EU aviation emissions forecast to almost double by 2035

Nitrogen oxide (NOx) emissions from planes in Europe are expected to increase by 43% over the next 20 years, according to a new European Union study.

Heathrow airport is one European airport currently in the running for expansion (photo: EQRoy /

Heathrow airport is one European airport currently in the running for expansion (photo: EQRoy /

The European Environment Agency’s (EEA) first aviation environmental report, published last week (January 29), claims that NOx emission from Europe’s aviation sector doubled between 1990 and 2014, and they are expected to grow by a further 43% between 2014 and 2035.

This growth in emissions from the sector is in part due to the 80% increase in the number of flights since 1990, which is also expected to continue increasing by another 45% by 2035.

Indeed, by 2035 the EEA estimates that in the absence of continuing efforts, 20 major EU airports could face “significant” and related environmental impacts due to air traffic growth.

It comes as the government carries out further assessment on the potential air quality and environmental impacts of expanding UK airport capacity at either Heathrow or Gatwick, with its final decision on the issue delayed until later this year (see story).

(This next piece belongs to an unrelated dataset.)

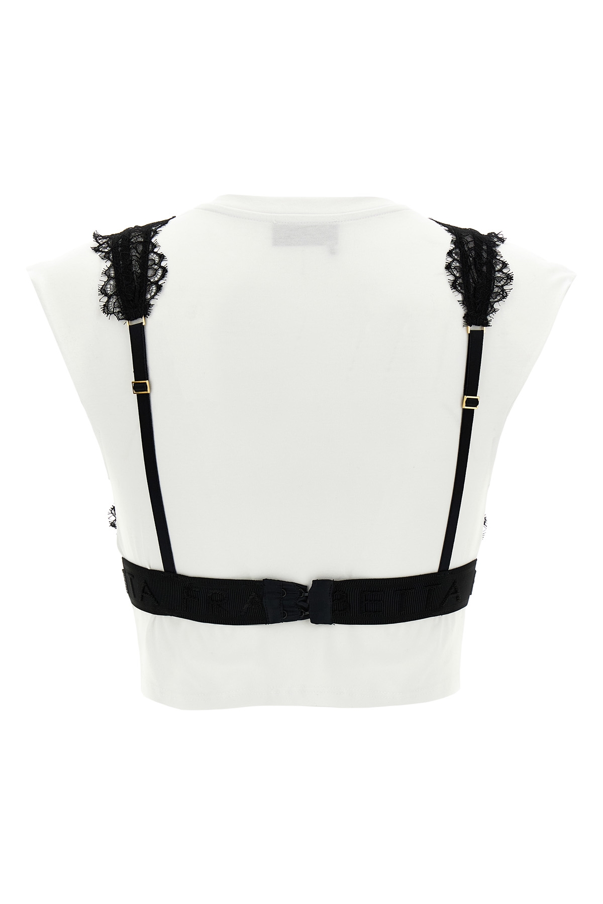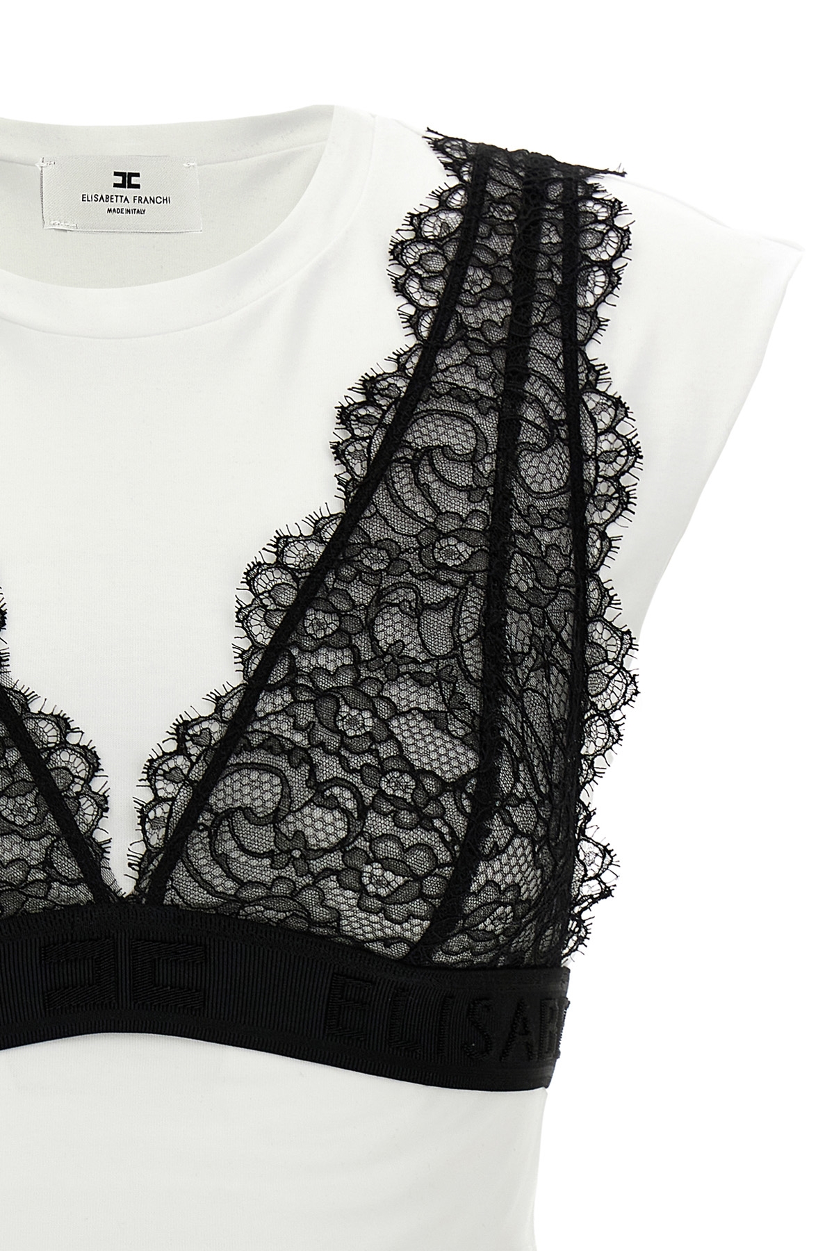 Crop style cotton jersey crew neck t-shirt set, short sleeves and contrasting lace bralettes, logo elastic on the hem, adjustable shoulder straps, hook closure.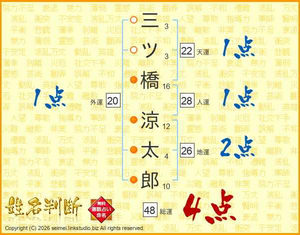 三ツ橋涼太郎さんの総運は48画の4点!

While the EEA report concedes that today’s aircraft are quieter and produce fewer emissions than their equivalents 30 years’ ago, it argues that plane fleets in Europe are “slowly ageing”, with the rate of technological improvement failing to keep pace with the historic growth in demand for air travel.

The limited success in developing alternative, lower-emission plane fuels is highlights as just one example of this.

Future growth in the European aviation sector is therefore “inextricably linked to its environmental sustainability”, according to the EEA, which believes that the environmental challenge for the aviation sector is set to increase further.


The EEA said it does expect technological improvements, further work on alternative fuels and additional stricter standards aimed at curbing aviation emissions of particulate matter and CO2 emissions in the near future.

Nevertheless, the report – which also looks at the impact of the aviation sector on CO2 and climate change – calls for a “comprehensive and effective” package of measures to address the environmental challenge based on reliable, accessible information.

EEA executive director, Hans Bruyninckx, said: “It is clear that Europe’s aviation sector has an increasing impact on our health and environment. While aviation plays an important economic and social role, its increasing popularity will lead to higher greenhouse gas emissions, air pollution and noise. These are key challenges Europe’s aviation experts and policy makers need to address to create a more sustainable sector.”

The report is the result of a close collaboration between the European Commission, the European Aviation Safety Agency (EASA) the European Environment Agency (EEA) and Eurocontrol. It is intended that the document will become a regular overview of the aviation sector in order to plan suitable policy making measures.